Re Q1: Cache utilization is only one part of the "problem" with virtual calls actually. The whole point of virtual
functions, and late binding in general, is that the call site may call any implementation without changes. This mandates some indirection:
- Indirection implies space and/or time overhead to resolve the indirection.
- No matter how you do the indirection, and indirect call can only be as fast as a static call if the CPU has a good branch predictor and the call site is monomorphic (i.e., only one implementation is ever called).
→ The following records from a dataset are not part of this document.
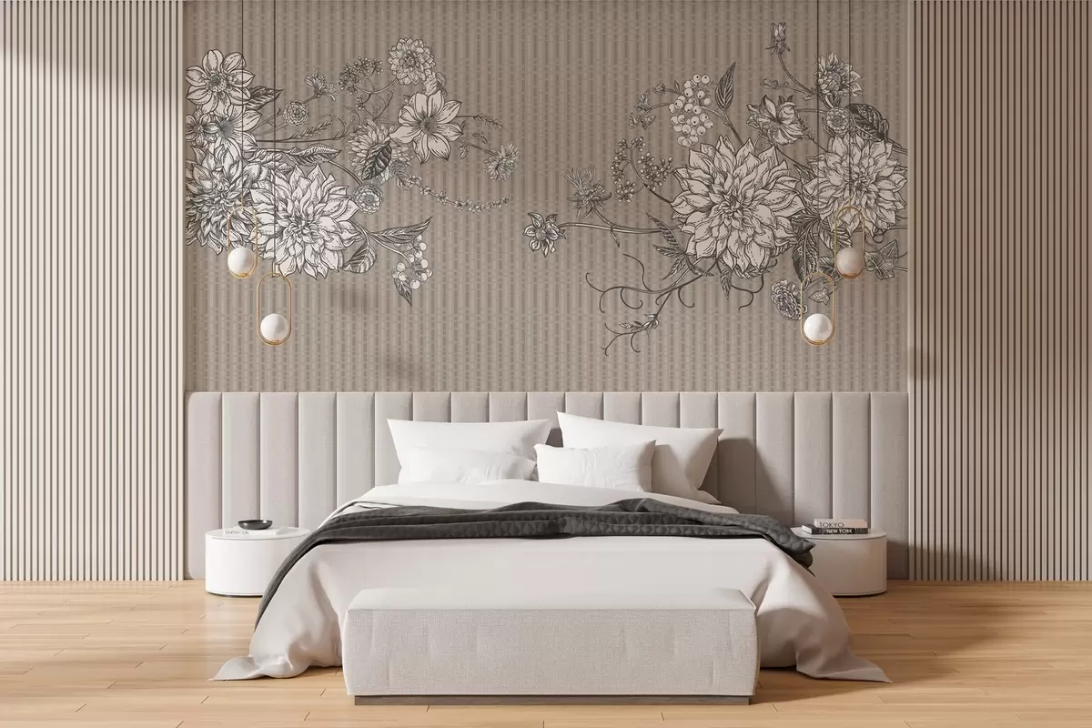 Fototapeten Grafische Blumen auf einem matten Hintergrund in Beigetönen N° w03395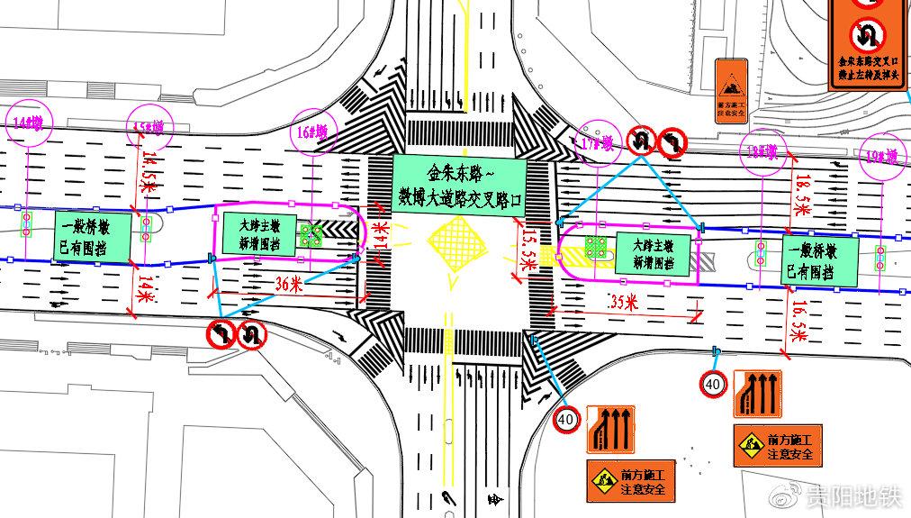 根据贵阳市有轨电车示范线(T2线)施工需要,决定从2022年7月23日起,在数博大道长岭北路与金朱东路交叉口(以下简称金融城路口)进行施工。为确保施工的顺利进行和周边道路安全畅通,根据《中华人民共和国道路交通安全法》第三十九条规定,届时将对金融城路口的交通组织进行调整,现将相关事宜通告如下: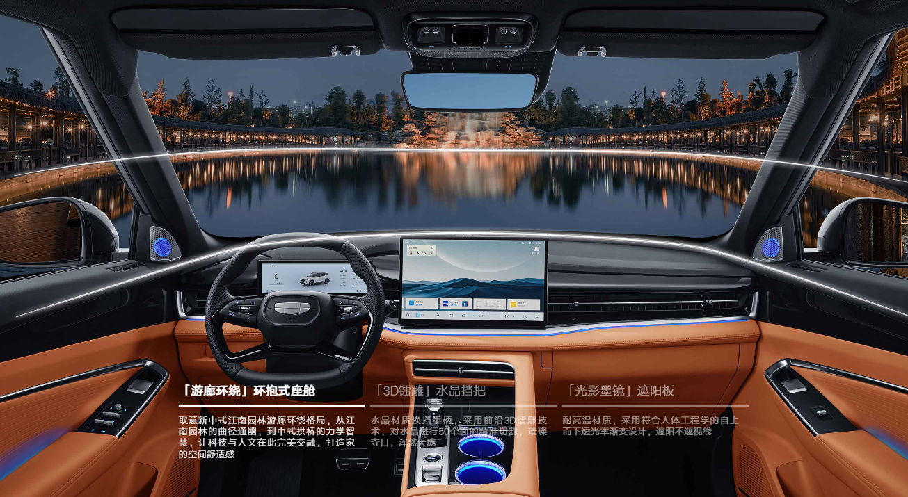 新车采用吉利家族最新设计语言,融合中式建筑的稳重与现代工艺的精巧。前脸标志性的12道竖状格栅(官方称灵感源于“长桥卧波”),传递扎实与团圆意象。长达2.05米的前贯穿式灯带,不仅点亮辨识度,更提供超越同级的照射距离,提升夜间行车安心感。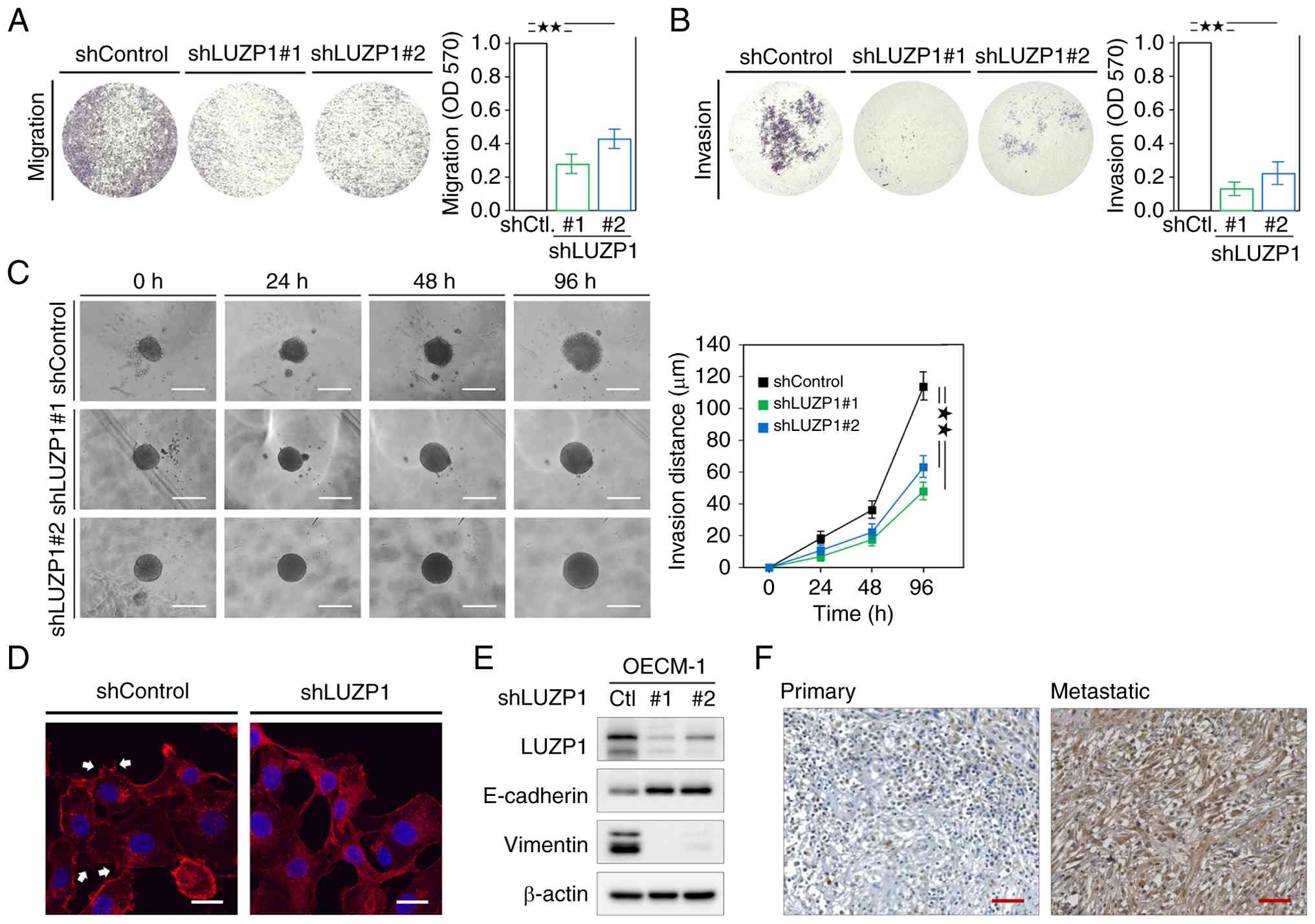 Accumulating evidence indicates that LUZP1 exerts context-dependent functions in cancer, yet its effects consistently converge on the regulation of cytoskeletal dynamics, cell migration and EMT-associated phenotypes (9,10). In glioma, deletions or loss of LUZP1 function have been associated with enhanced migration and invasion, likely through disruption of actin organization, cell division and polarity control, underscoring its role in maintaining cytoskeletal integrity (34). By contrast, a study in triple-negative breast cancer demonstrate that LUZP1 can heterodimerize with DAPK3, protecting it from proteasomal degradation and thereby indirectly promote EMT, desmosome suppression and invasive behavior (13). Similarly, in osteosarcoma, LUZP1 acts as a downstream effector of circFIRRE-miRNA regulatory circuits, facilitating tumor progression, angiogenesis and metastatic dissemination (12). Consistent with these reports, the functional analyses of the present study show that LUZP1 knockdown markedly suppresses migration and invasion of HNSCC cells, reduces invadopodia-like protrusive structures and prevents EMT-associated marker expression, as evidenced by E-cadherin upregulation and vimentin downregulation. Moreover, the observation that LUZP1 expression is elevated in metastatic lesions compared with matched primary tumors further supports its involvement in metastatic dissemination. Collectively, these findings suggest that although LUZP1 is not a canonical EMT transcription factor, it may function as an EMT-enabling factor by modulating actin cytoskeleton organization, actomyosin contractility and cellular plasticity.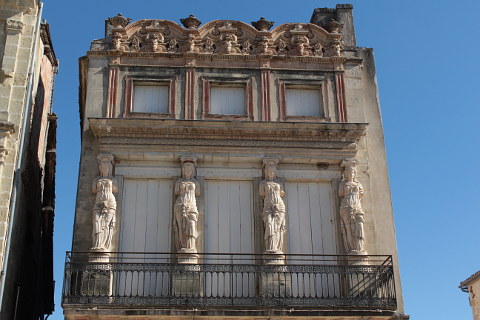A small square opposite the halle has a modern water feature and further down the high street is a beautiful house called the 'House of the Caryatids' with four statues behind a wrought-iron balcony and an ornate roof line. Caryatid is the name for a female statue without arms. This neo-classical building was built in 1830 by an ancient mayor of Lauzun who clearly had illusions of grandeur!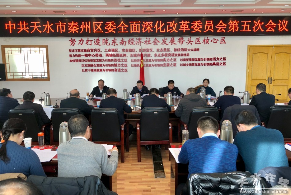 秦州区融媒体中心12月30日讯(记者 赵雅琪 )12月30日,秦州区召开全面深化改革委员会第五次会议,区委副书记裴贵军主持会议并讲话。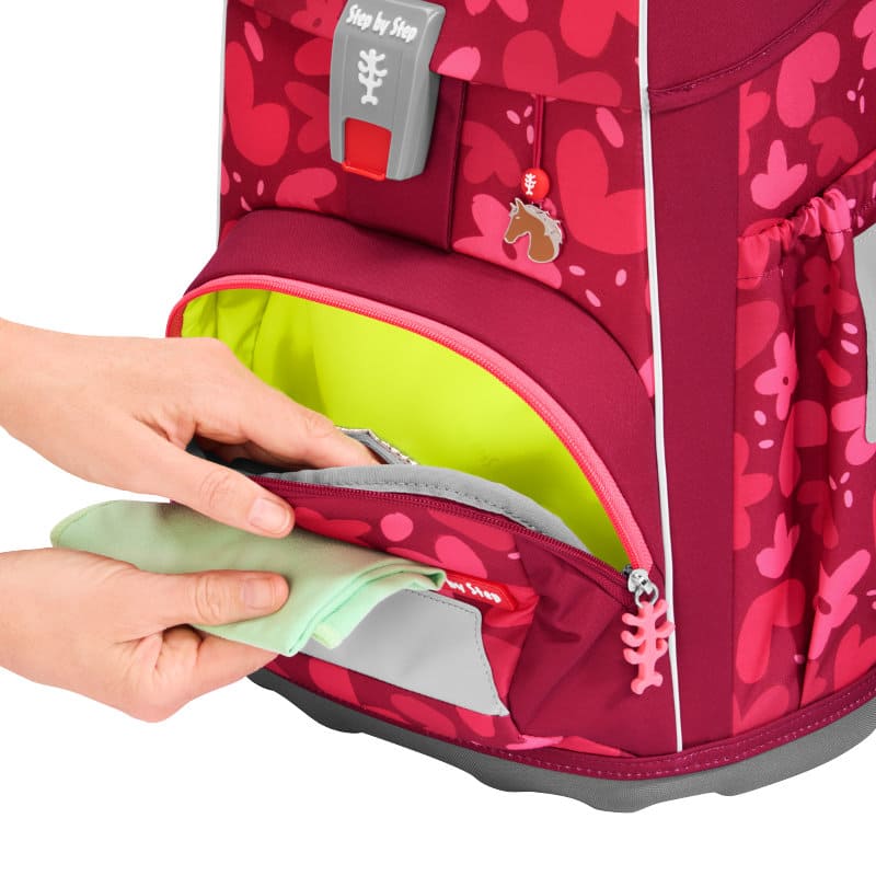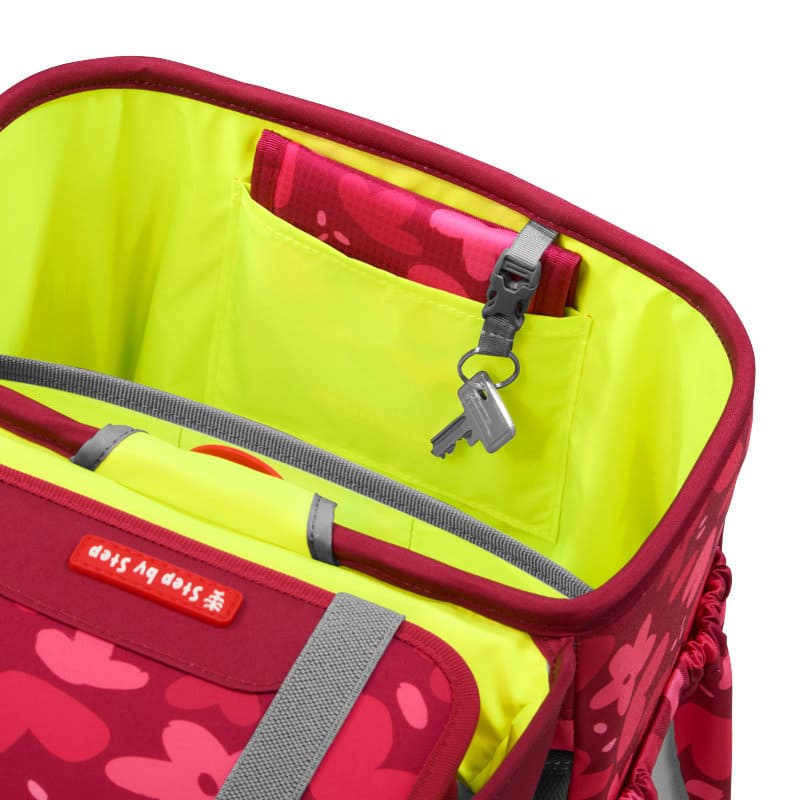Größe ist das Aushängeschild dieses Ranzen. Das große Hauptfach mit Extra Bücherfach, die nach außen wachsenden Seitentaschen mit Gummizug ermöglichen ein Verstauvolumen von 23 Litern. Die Vordertasche ist ebenfalls nach außen wachsend, isoliert und auslaufsicher und damit ideal für das Pausenbrot und frisches Obst. Das Mäppchen wird platzsparend im Deckel des Ranzens verstaut.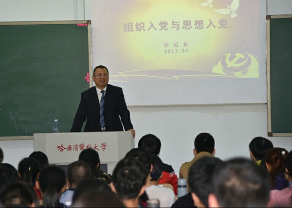 乔远东书记在开班仪式上做了以“组织入党与思想入党”为主题的重要讲话,讲话从入党动机、伟大的党、思想入党三个方面分别展开。乔书记在讲话中首先明确了端正入党动机对于当代大学生的重要性,并通过提出“你是谁、为了谁、依靠谁、何处来、去何处”五个问题,引发同学们对于入党动机的思考。他强调,中国共产党党员不仅仅是一份荣誉、一个称号,更是一种使命、一份责任,同学们应当“不忘初心,继续前进”。随后,乔远东书记围绕“伟大的党”这一话题,分别从新中国成立、新中国建立后的三场对外战争、新中国的经济发展等方面向学员们介绍了伟大的中国共产党的丰功伟绩。最后,乔远东书记深刻阐述了“思想入党”的重要性。他指出,只有思想上入党才能端正入党动机、坚定共产主义信念、做到在行动上入党。同时,乔书记对学员们在“思想入党”上提出了三点要求:首先,要有为共产主义和中国特色社会主义奋斗终身的坚定信念;其次,要有全心全意为人民服务的思想;第三,要有发挥先锋模范带头作用的觉悟。此外,乔远东书记还列举了近期热播电视剧《人民的名义》中“一天党龄的小战士”的事例,形象生动地为同学们讲述了共产党员的牺牲与奉献精神,并阐述了“民族兴旺有我在,中华腾飞我之责任”的担当精神。

And I'm not even sure if a perfectly-predicted branch is as fast as a static branch on all hardware developers care about.
- Not knowing the called function at compile time also inhibits optimization based on knowing the called function (inlining, but also loop invariant code motion and possibly more).
Your approach doesn't change that, and hence leaves most of the performance problems in place: It still wastes some time and space (only on additional arguments and branches, rather than vtable lookups), it doesn't permit inlining or other optimizations, and it doesn't remove indirect calls.
Re 2: It's kind of an interprocedural spin on devirtualization, which C++ compilers already do to some degree (locally, with limitations as described by @us2012 in the comments). There are a few "minor" problems with it, but it may be worth it if applied selectively. Otherwise, you generate a lot more code, pass a lot of additional arguments, do a lot of extra branches, and only gain very little or even a net loss.
I assume the main issue is that it doesn't solve most of the performance issues described above. Generating specialized functions (rather than one generic body) for subclasses, and other variations of the same theme, may help with that. But that generates additional code that has to justify itself with performance gains, and the general consensus is that such aggressive optimizations aren't worth it for most code even in performance-critial programs.
In particular, virtual call overhead only matters in benchmarks of that very same feature, or if you already optimized the ever-loving hell out of everything else and would need a huge lot of tiny indirect calls (an example from game development: Several virtual method calls per geometrical object for drawing or frustum culling). In most code, the virtual calls don't matter, or at least not enough to warrant further optimization attempts. In addition, this is only relevant for AOT compilers, as JIT compilers have other ways of dealing with these problems. Look up polymorphic inline caches, and note that tracing JIT compilers can trivially inline all calls, virtual or not.
In summary: vtables are already a fast and general way to implement virtual functions (if they can be used, which is the case here). It's unlikely you're be able to improve much on them, let alone notice the improvement, except perhaps in some rare cases. If you want to try it though, you could try writing an LLVM pass that does something like this (though you'd have to work on a lower level of abstraction).